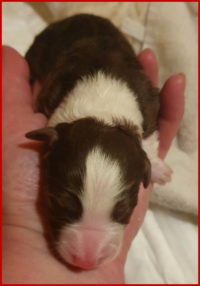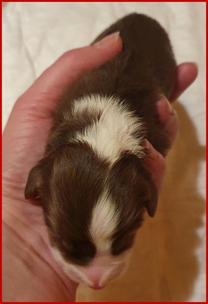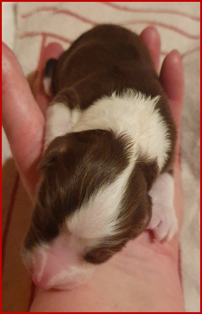 | erstgeborene braun/tricolour Hündin gelegt hat. |
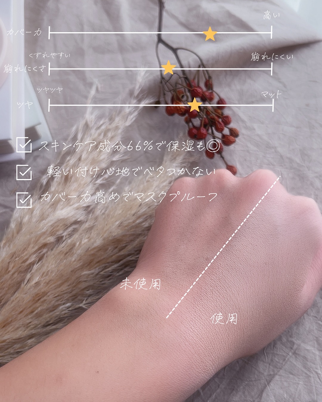 | ファンデーションランキング第13位 | 塗り心地といい、セミツヤ感 マスクしてても崩れがほぼ気にならない!! | 詳細を見る | |
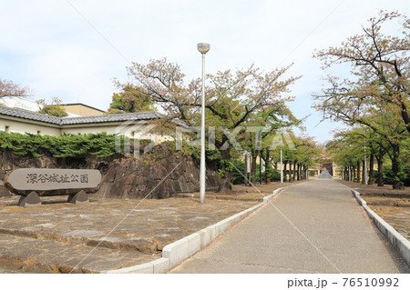 深谷城址公園 広場から見た桜並木 埼玉県深谷市
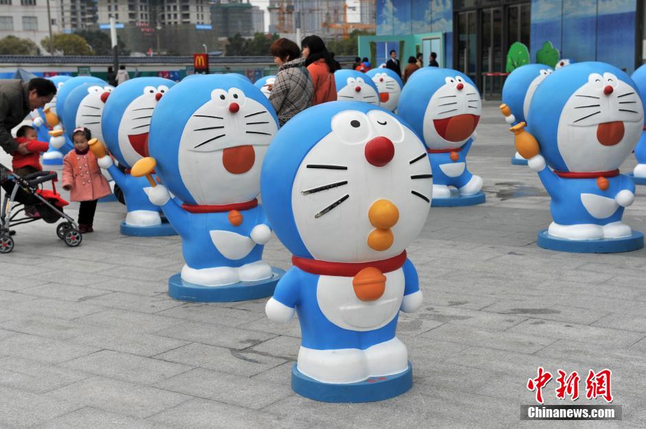 3月3日,20多個各式各樣的哆啦A夢模型亮相福州街頭,吸引許多路人。中新社發 呂明 攝
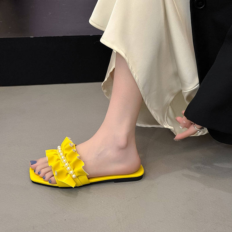 대외 무역 샌들 도매 2025 여름 새로운 광장 머리 외부 단어 비치 신발 진주 주름 낮은 뒤꿈치 슬리퍼 여성 착용
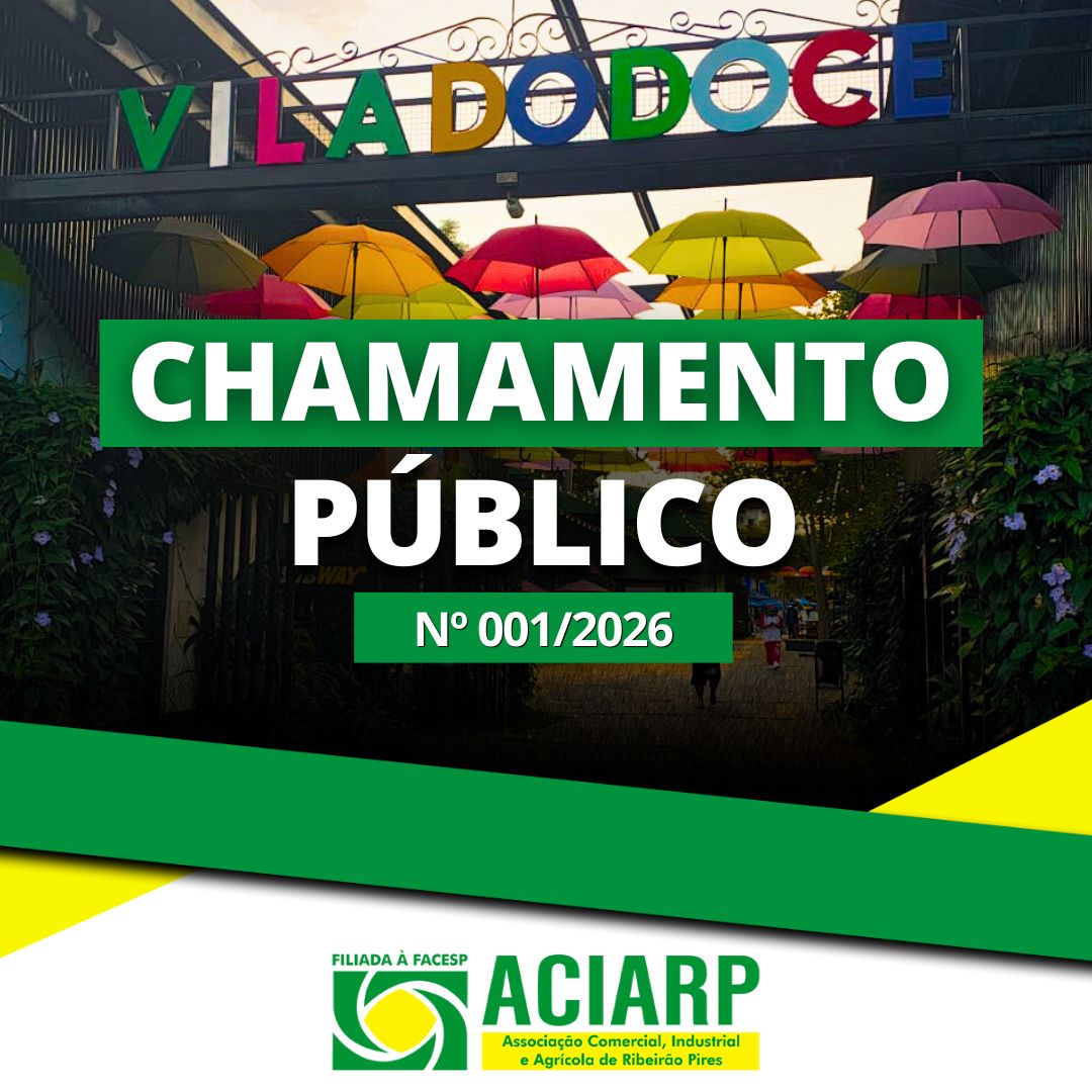 A ACIARP, no uso das atribuições que lhe são conferidas, torna público o edital de chamamento para a locação de quiosque no Complexo Turístico Vila do Doce.
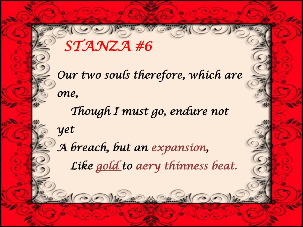 STANZA #6 Our two souls therefore, which are one, Though I must go, endure not yet A breach, but an expansion, Like gold to aery thinness beat.
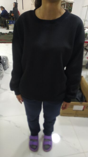 dərzi işci tələb olunur xirdalan köhnə bazarin yani - Qara rəngdə sadə sweatshirt: dairəvi yaxalı, uzunqollu, düz kəsim. Yumşaq toxuma, qatlanmış ətək və qollar. -
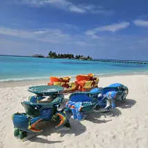 An excellent hotel for exploring the Maldives. We chose it as a worthy replacement for Turkey, because the prices there are becoming astronomical. This hotel is a wonderful combination of Turkish all-inclusive and Maldivian nature and hospitality. Excellent staff, there are many Russian-speaking employees, because most of the vacationers are Russian-speaking. There is everything for entertainment: tennis, table tennis, darts, basketball, billiards, sauna, karaoke, fire show, bird nursery, plant garden, children's club, etc. 2 types of sharks, stingrays, excursions to see manta rays and whale sharks (not guaranteed). In short, everything you need for a good vacation. Or you can just forget about everything and relax on a sun lounger near your room. The food is varied, the drinks at the all-inclusive are not bad. The staff is excellent, very helpful. We will probably come back again
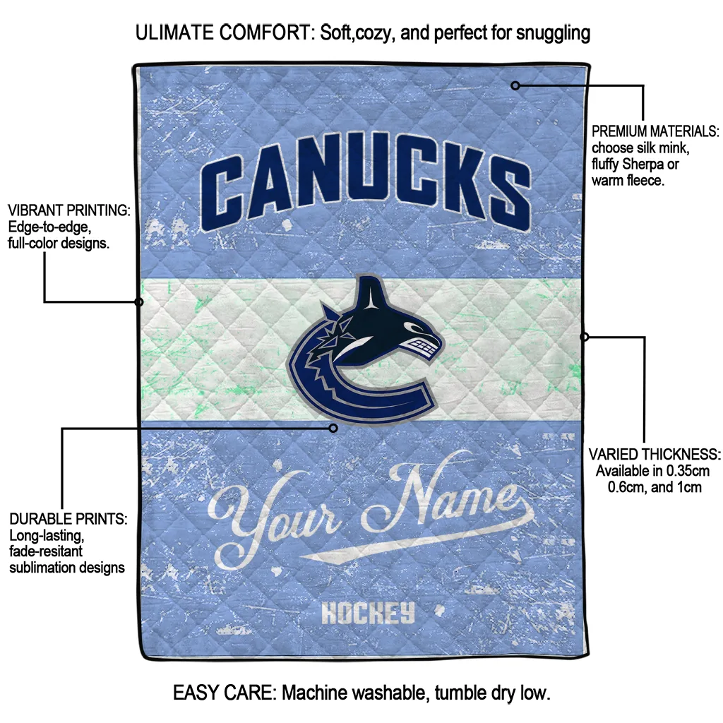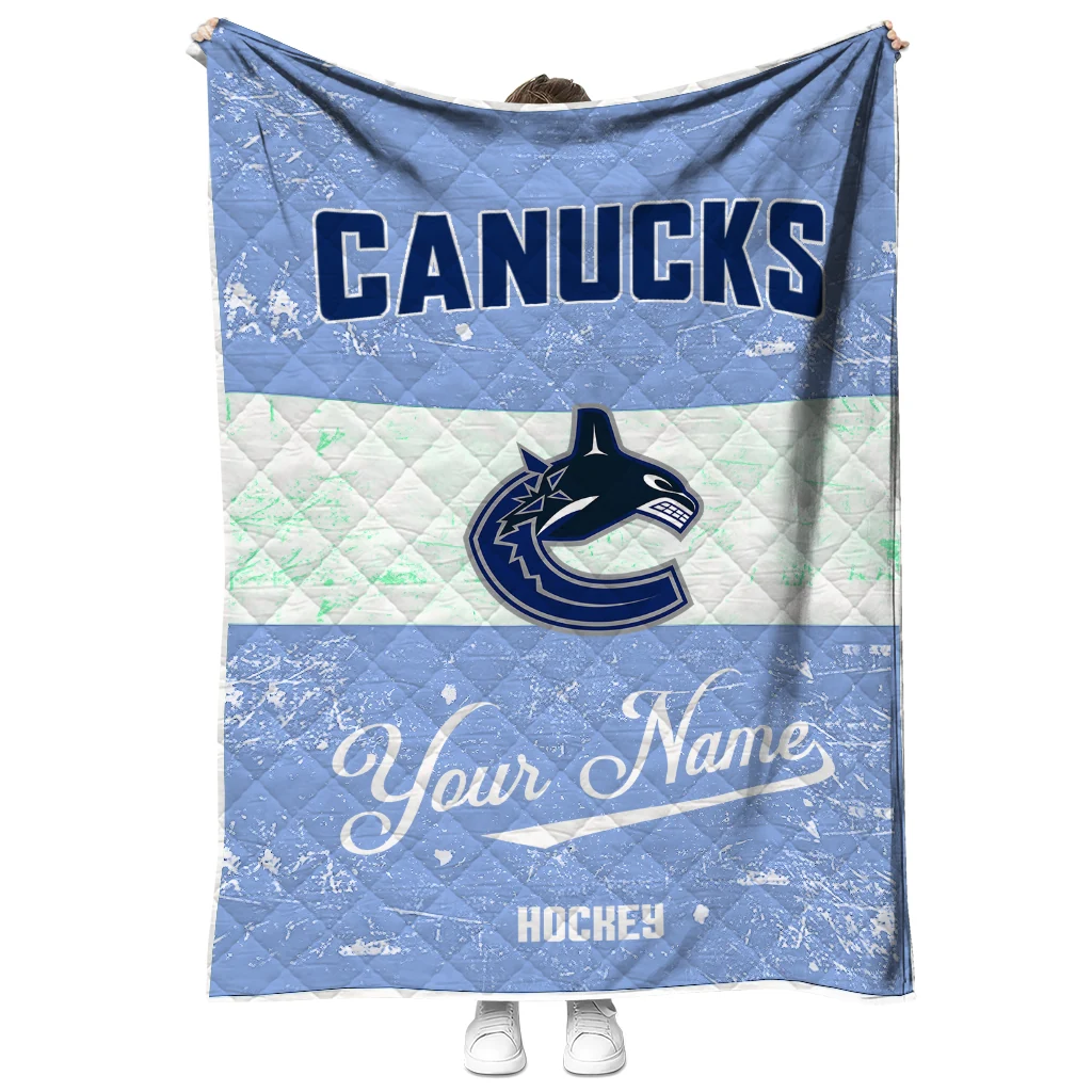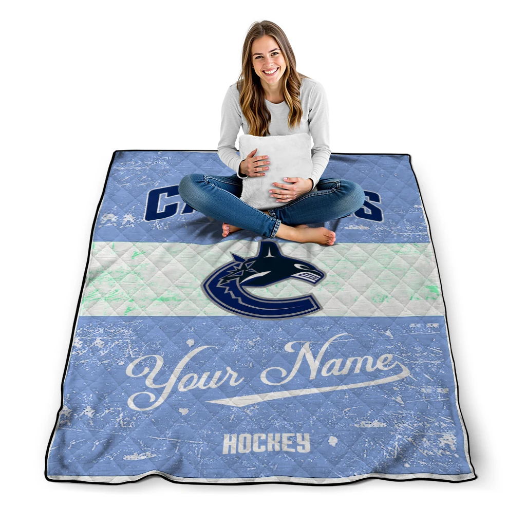 Wrap yourself in warmth and pride with the Customized Vancouver Canucks Pinstripe Lines Blue White Quilt Blanket from the Vancouver Canucks Blankets collection at Yes That Blanket. Made from 100% premium quilting-weight polyester blended with a touch of microfiber, this quilt offers a smooth, soft finish you’ll love. Choose between two quilting styles—Stipple or Diagonal—and enjoy the comfort of a cotton-filled layer inside that adds extra coziness for every season. The border is available in classic black or white, giving your design a clean, timeless edge.
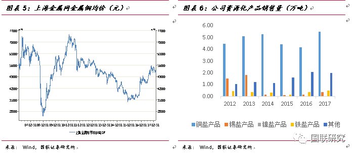 公司工業(yè)廢物資源化利用業(yè)務(wù)亦為公司重要主營業(yè)務(wù)之一。由于資源化業(yè)務(wù)不僅受到產(chǎn)能和產(chǎn)品銷量影響,還與大宗商品的價格波動息息相關(guān)。公司資源化產(chǎn)品主要包括銅鹽、錫鹽、鎳鹽和鐵鹽產(chǎn)品等。2016年前,受到國際基本金屬價格下跌、行業(yè)競爭加劇的影響,公司資源化業(yè)務(wù)營收略有下降。2012至2016年,公司資源化業(yè)務(wù)營收由9.39億元降低至7.91億元,毛利率維持在30%左右,而2017年,公司資源化業(yè)務(wù)營收11.82億,同比增長49.33%,主要是因為各基地資源化產(chǎn)銷量增加、重金屬價格上升、加之公司加大海外銷售等。
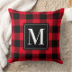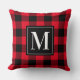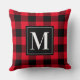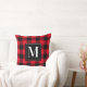 Bold Red Black Buffalo Plaid Monogram Christmas Cushion
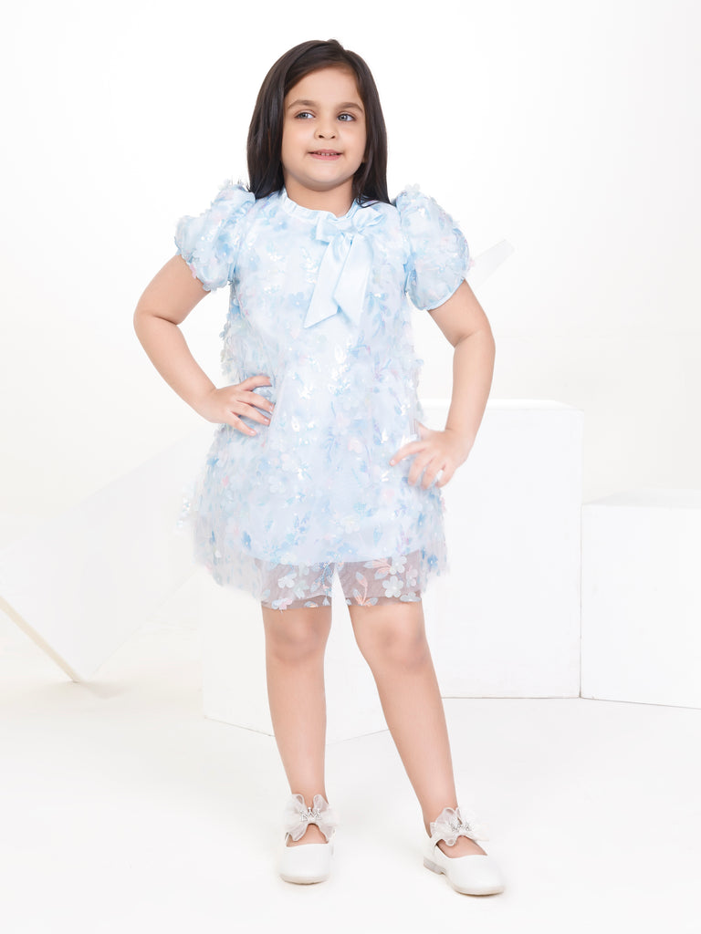 Girls Sequins Dress 16997Embrace the charm of Amazing Autumn with this elegant A-line, knee-length velvet baby girl fancy dress for weddings. Designed with a round neck, full straight sleeves, a flared fit, and a chic belt, it’s perfect for party occasions.
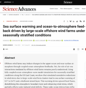 Cancel Net Zero: Study Finds Wind Turbines Cause Ocean Heating – Localized surface sea temps rise by 0.3°C-0.4°C & Destabilizes marine food supplies – Published in journal Science
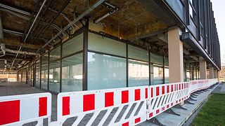 Bis zur Erstellung des umlaufenden Bauzauns schützten temporäre Absperrvorrichtungen die Baustelle vor unbefugtem Betreten.<br />
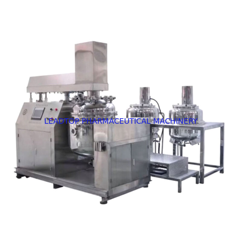 The machine including vacuum emulsifying mixer tank,water phase tank ,oil phase tank, vacuum pump, hydraulic system, tilting system, pipeline and electric control system.
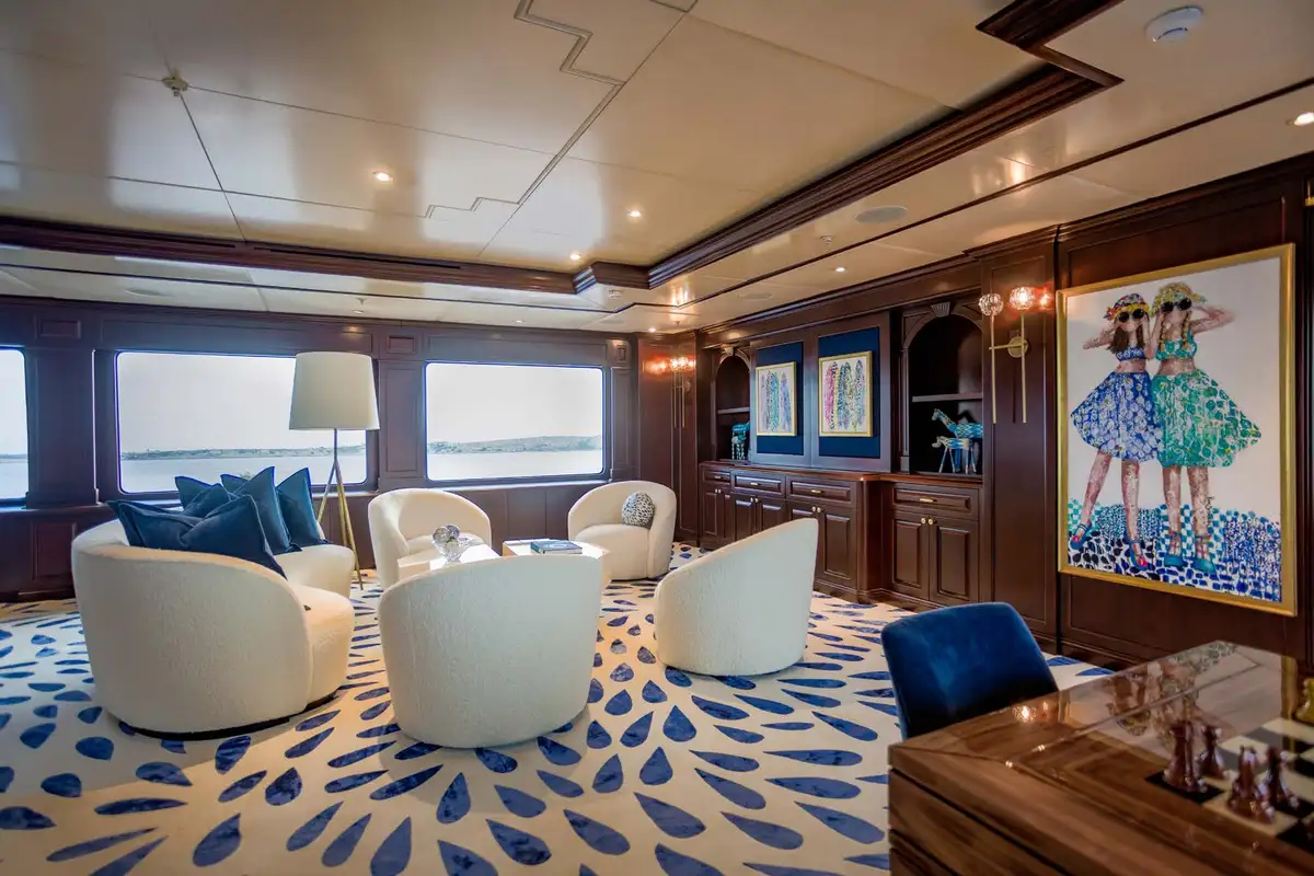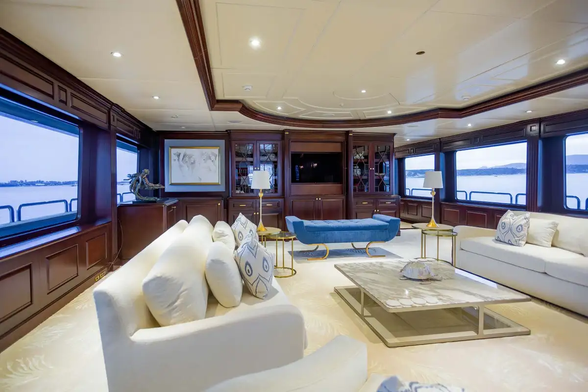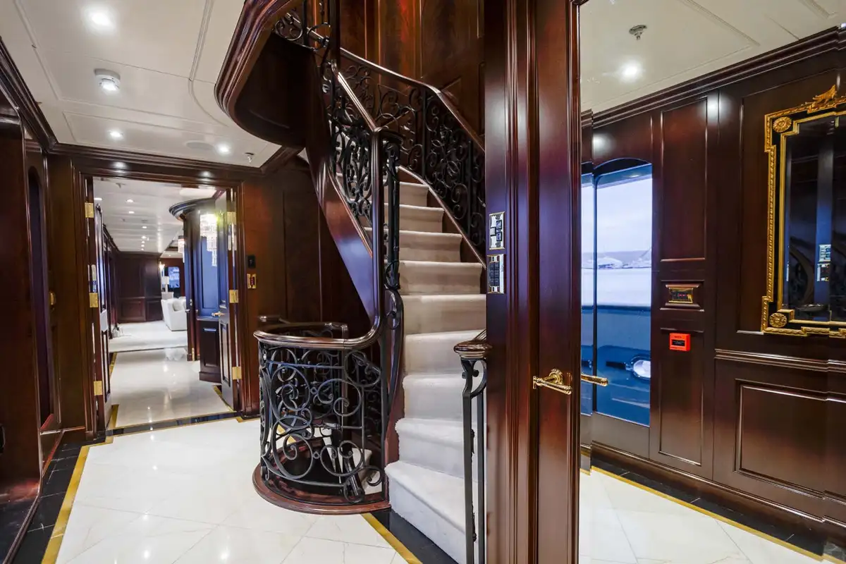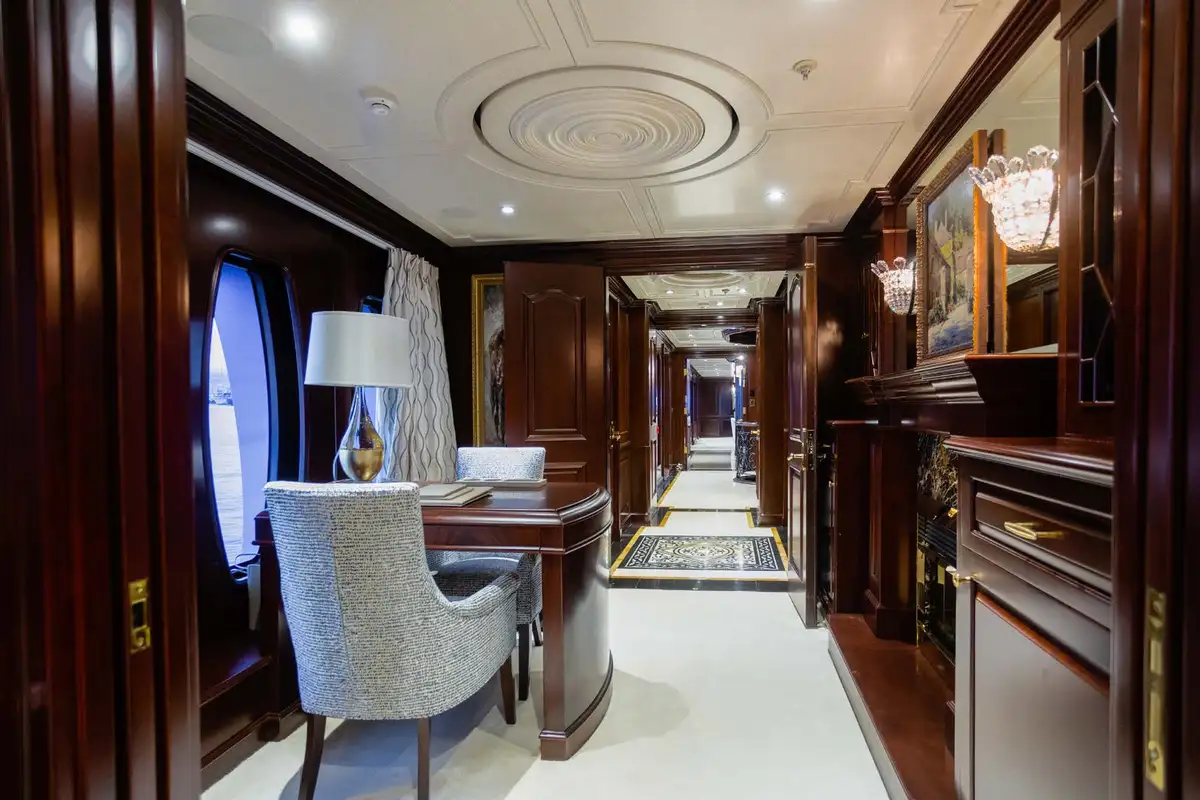 Her interior radiates class: mahogany panelling, fluted pilasters, and signs of quality and workmanship throughout. She is simply stunning with her new carpets, furnishings, and furniture.

────────────────────

Prompt: Of the lines above, quote exactly those from the one with "A ACIARP, no" through the one with "dərzi işci tələb", ends included; pictures stay out.

Response area:
 A ACIARP, no uso das atribuições que lhe são conferidas, torna público o edital de chamamento para a locação de quiosque no Complexo Turístico Vila do Doce.
 STANZA #6 Our two souls therefore, which are one, Though I must go, endure not yet A breach, but an expansion, Like gold to aery thinness beat.
 dərzi işci tələb olunur xirdalan köhnə bazarin yani - Qara rəngdə sadə sweatshirt: dairəvi yaxalı, uzunqollu, düz kəsim. Yumşaq toxuma, qatlanmış ətək və qollar. -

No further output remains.